* **SUPPLIED RECORDS**:
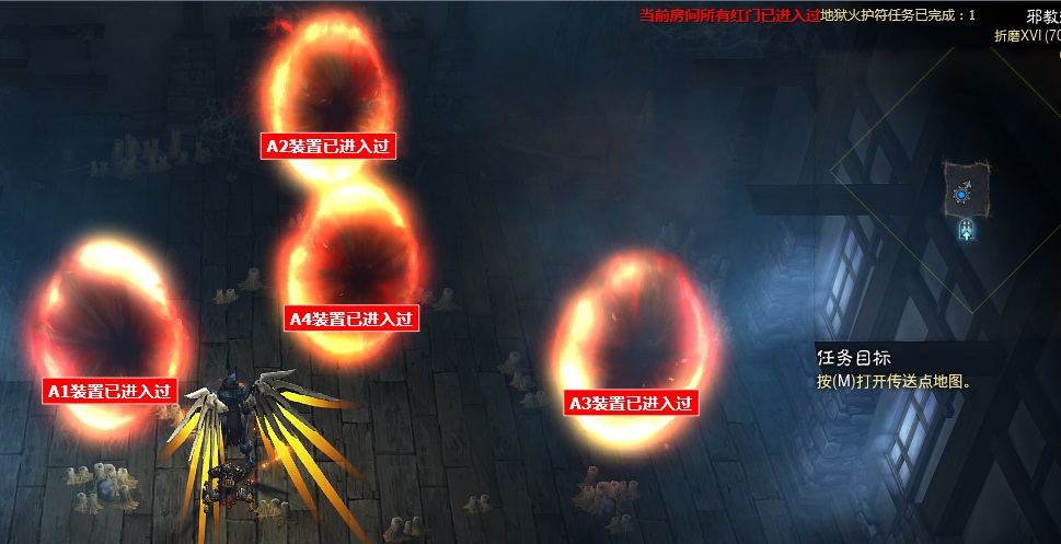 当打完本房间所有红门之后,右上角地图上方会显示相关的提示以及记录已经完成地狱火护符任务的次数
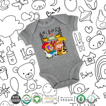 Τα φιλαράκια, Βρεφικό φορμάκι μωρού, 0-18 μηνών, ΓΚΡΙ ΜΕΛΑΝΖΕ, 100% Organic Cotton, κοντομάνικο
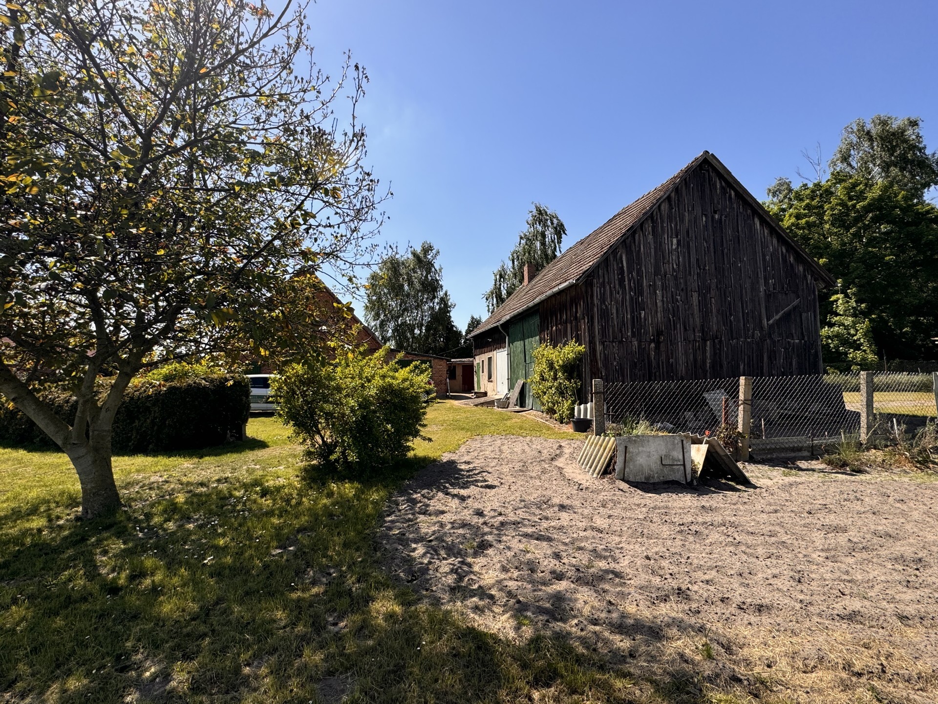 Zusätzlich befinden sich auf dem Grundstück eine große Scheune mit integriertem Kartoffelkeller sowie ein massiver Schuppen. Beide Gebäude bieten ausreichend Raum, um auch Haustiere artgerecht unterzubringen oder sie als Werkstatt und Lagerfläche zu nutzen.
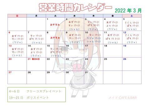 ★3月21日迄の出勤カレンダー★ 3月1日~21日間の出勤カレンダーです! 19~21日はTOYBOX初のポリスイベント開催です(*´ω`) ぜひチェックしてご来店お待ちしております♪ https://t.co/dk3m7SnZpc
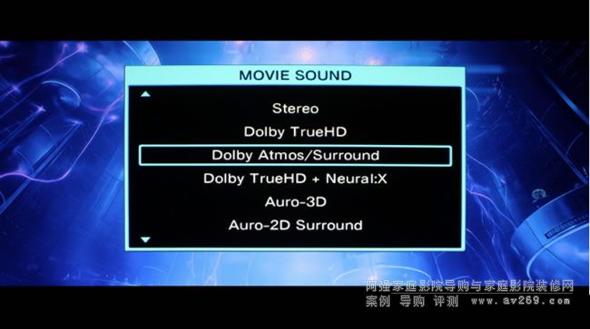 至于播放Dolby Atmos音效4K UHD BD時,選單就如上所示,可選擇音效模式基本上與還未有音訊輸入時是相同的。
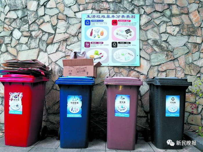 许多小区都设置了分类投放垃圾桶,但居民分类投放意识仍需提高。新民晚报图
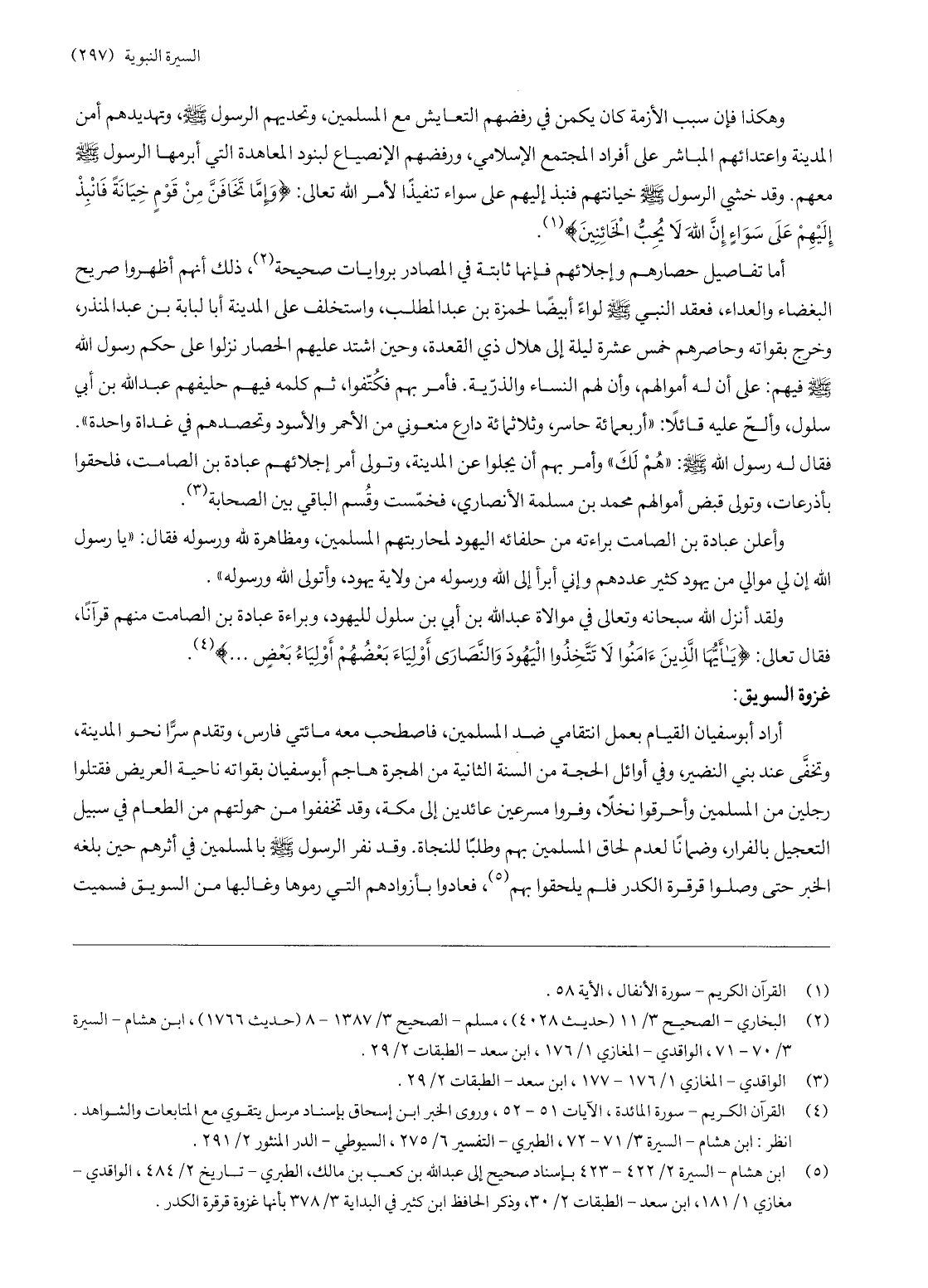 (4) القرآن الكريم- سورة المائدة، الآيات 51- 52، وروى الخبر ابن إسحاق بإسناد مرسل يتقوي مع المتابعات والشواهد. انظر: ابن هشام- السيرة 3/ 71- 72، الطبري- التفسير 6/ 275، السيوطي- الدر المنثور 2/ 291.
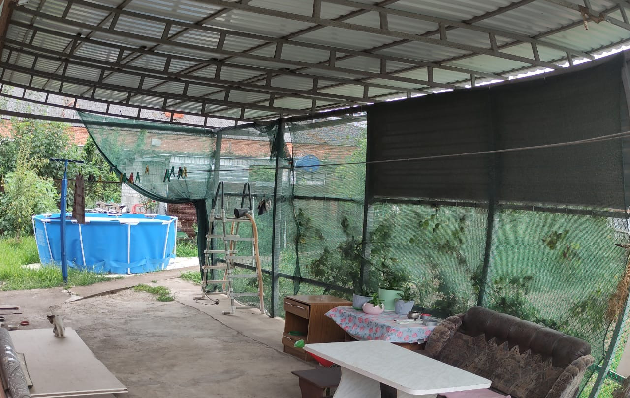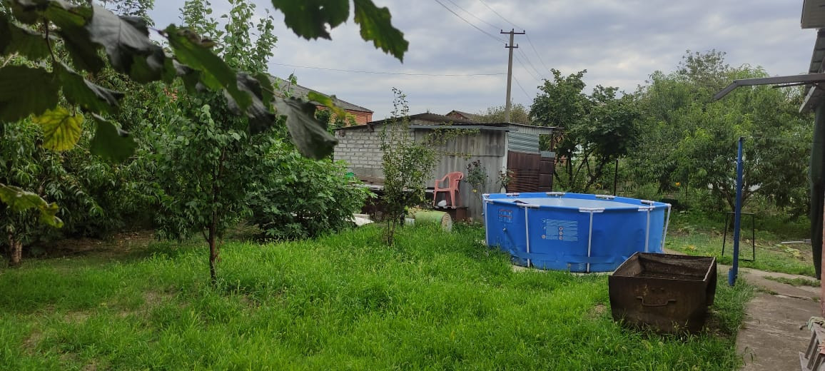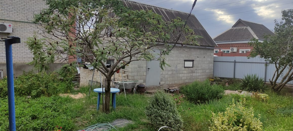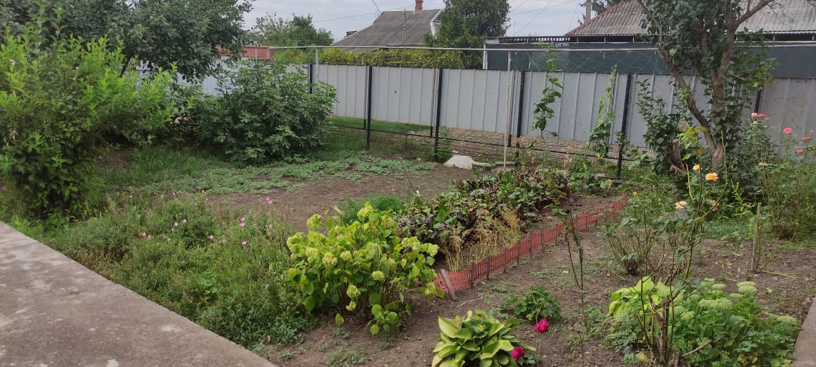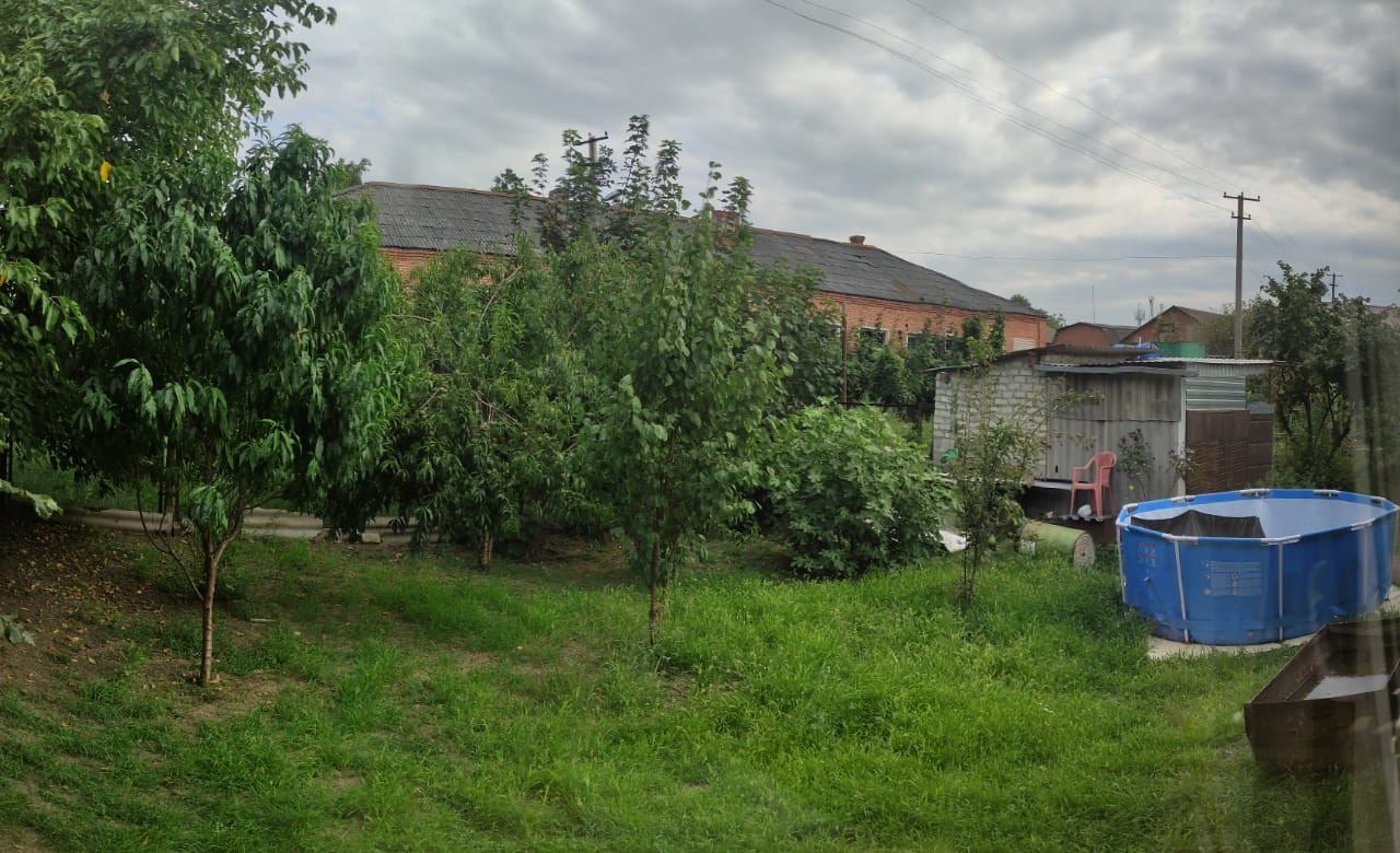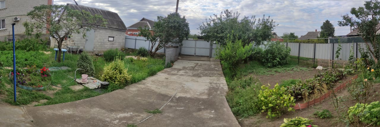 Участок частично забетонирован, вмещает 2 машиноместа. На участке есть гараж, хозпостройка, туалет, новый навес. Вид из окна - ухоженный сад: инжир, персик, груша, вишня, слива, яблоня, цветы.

* **BRIEF**: Retype all the records exactly and keep out every picture.

* **RESULT OF THE EXERCISE**:
 当打完本房间所有红门之后,右上角地图上方会显示相关的提示以及记录已经完成地狱火护符任务的次数
 Τα φιλαράκια, Βρεφικό φορμάκι μωρού, 0-18 μηνών, ΓΚΡΙ ΜΕΛΑΝΖΕ, 100% Organic Cotton, κοντομάνικο
 Zusätzlich befinden sich auf dem Grundstück eine große Scheune mit integriertem Kartoffelkeller sowie ein massiver Schuppen. Beide Gebäude bieten ausreichend Raum, um auch Haustiere artgerecht unterzubringen oder sie als Werkstatt und Lagerfläche zu nutzen.
 ★3月21日迄の出勤カレンダー★ 3月1日~21日間の出勤カレンダーです! 19~21日はTOYBOX初のポリスイベント開催です(*´ω`) ぜひチェックしてご来店お待ちしております♪ https://t.co/dk3m7SnZpc
 至于播放Dolby Atmos音效4K UHD BD時,選單就如上所示,可選擇音效模式基本上與還未有音訊輸入時是相同的。
 许多小区都设置了分类投放垃圾桶,但居民分类投放意识仍需提高。新民晚报图
 (4) القرآن الكريم- سورة المائدة، الآيات 51- 52، وروى الخبر ابن إسحاق بإسناد مرسل يتقوي مع المتابعات والشواهد. انظر: ابن هشام- السيرة 3/ 71- 72، الطبري- التفسير 6/ 275، السيوطي- الدر المنثور 2/ 291.
 Участок частично забетонирован, вмещает 2 машиноместа. На участке есть гараж, хозпостройка, туалет, новый навес. Вид из окна - ухоженный сад: инжир, персик, груша, вишня, слива, яблоня, цветы.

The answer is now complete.